The indwelling Spirit of God which, in the Apostolic Age of the
Church, animated its members, the pristine purity of its teachings,
the primitive brilliancy of its light, will, no doubt, be reborn and
revived as the inevitable consequence of this redefinition of its fundamental
verities, and the clarification of its original purpose.
|
17 |
For the Faith of Bahá'u'lláh--if we would faithfully appraise
it--can never, and in no aspect of its teachings, be at variance,
much less conflict, with the purpose animating, or the authority
invested in, the Faith of Jesus Christ. This glowing tribute which
Bahá'u'lláh Himself has been moved to pay to the Author of the
Christian Religion stands as sufficient testimony to the truth of this
central principle of Bahá'í belief:--"Know thou that when the Son
of Man yielded up His breath to God, the whole creation wept with
a great weeping.
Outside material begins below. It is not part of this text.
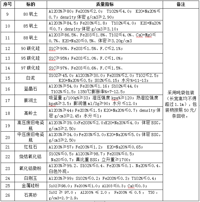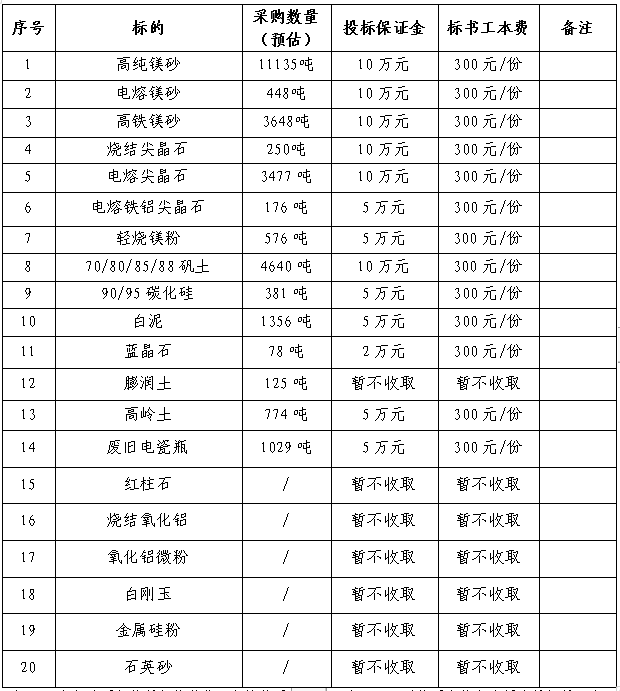 4、上述88礬土、97碳化硅、紅柱石、燒結(jié)氧化鋁、白剛玉、金屬硅粉和石英砂等招標采購原材料,因采購量不確定,本次招標僅作為本公司采購備用原材料??紤]上述原材料存在無執(zhí)行情況,投標保證金、標書工本費和合同履約保證金暫不收取。
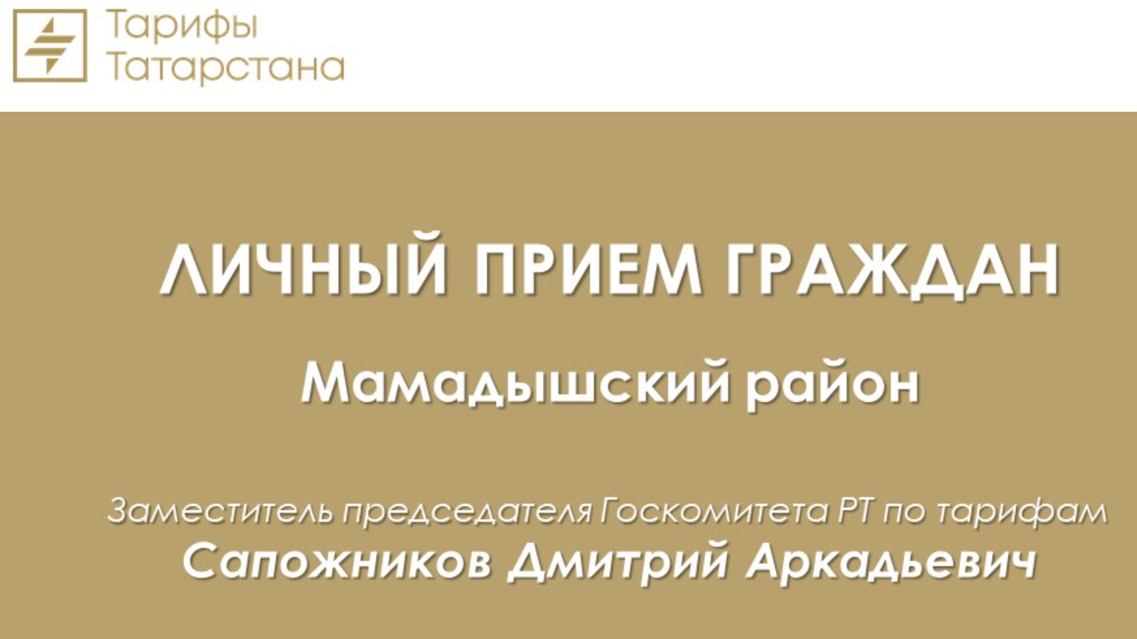 2025 елның 22 апрелендә ТР Тарифлар буенча дәүләт комитеты рәисе урынбасары Дмитрий Сапожников эш визиты белән Мамадыш районына барачак, анда гражданнарны түбәндәге адрес буенча кабул итү планлаштырыла: Мамадыш шәһәре, М.Җәлил урамы, 23/33 йорт.

By sacrificing Himself, however, a fresh capacity
was infused into all created things. Its evidences, as witnessed in all
the peoples of the earth, are now manifest before thee. The deepest
wisdom which the sages have uttered, the profoundest learning
which any mind hath unfolded, the arts which the ablest hands have
produced, the influence exerted by the most potent of rulers, are but
manifestations of the quickening power released by His transcendent,
His all-pervasive and resplendent Spirit. We testify that when
He came into the world, He shed the splendor of His glory upon
all created things. Through Him the leper recovered from the leprosy
of perversity and ignorance. Through Him the unchaste and
wayward were healed. Through His power, born of Almighty God,
the eyes of the blind were opened, and the soul of the sinner sanctified...
He it is Who purified the world. Blessed is the man who,
with a face beaming with light, hath turned towards Him."